> _WHAT YOU HAVE TO DO_:
Since the listing below shows pictures, leave them out and write out exactly the lines from the line with "Composição: luzerna, sêmea" to the line with "Супруги Яловы в", both included, and no others.

> _EXTRACTED ENTRIES_:
◇ ◇ ◇ ◇ ◇
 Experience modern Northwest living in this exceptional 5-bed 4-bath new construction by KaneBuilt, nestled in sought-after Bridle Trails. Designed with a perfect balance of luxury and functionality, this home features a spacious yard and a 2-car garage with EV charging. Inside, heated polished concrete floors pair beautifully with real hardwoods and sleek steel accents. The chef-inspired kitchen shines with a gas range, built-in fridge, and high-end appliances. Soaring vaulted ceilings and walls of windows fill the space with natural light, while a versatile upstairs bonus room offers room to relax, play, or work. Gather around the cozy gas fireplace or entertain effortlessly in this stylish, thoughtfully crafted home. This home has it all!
◇ ◇ ◇ ◇ ◇
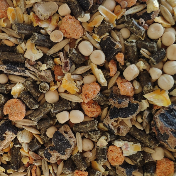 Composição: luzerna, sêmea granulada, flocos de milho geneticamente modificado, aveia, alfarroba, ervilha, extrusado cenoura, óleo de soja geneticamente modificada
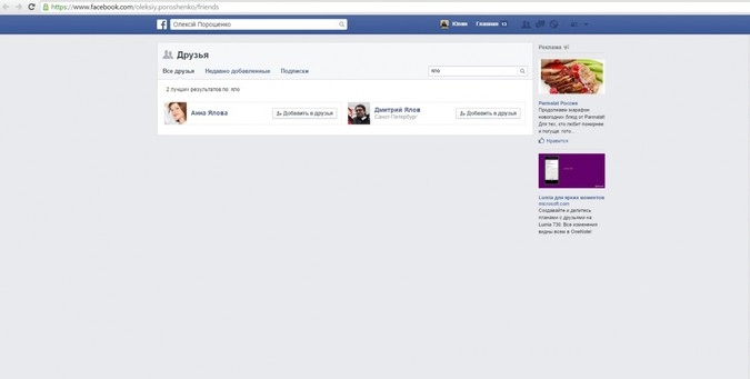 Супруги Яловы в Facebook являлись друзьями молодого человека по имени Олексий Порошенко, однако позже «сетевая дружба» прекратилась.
◇ ◇ ◇ ◇ ◇
> _RESPONSE BELOW_:
 Composição: luzerna, sêmea granulada, flocos de milho geneticamente modificado, aveia, alfarroba, ervilha, extrusado cenoura, óleo de soja geneticamente modificada
 Супруги Яловы в Facebook являлись друзьями молодого человека по имени Олексий Порошенко, однако позже «сетевая дружба» прекратилась.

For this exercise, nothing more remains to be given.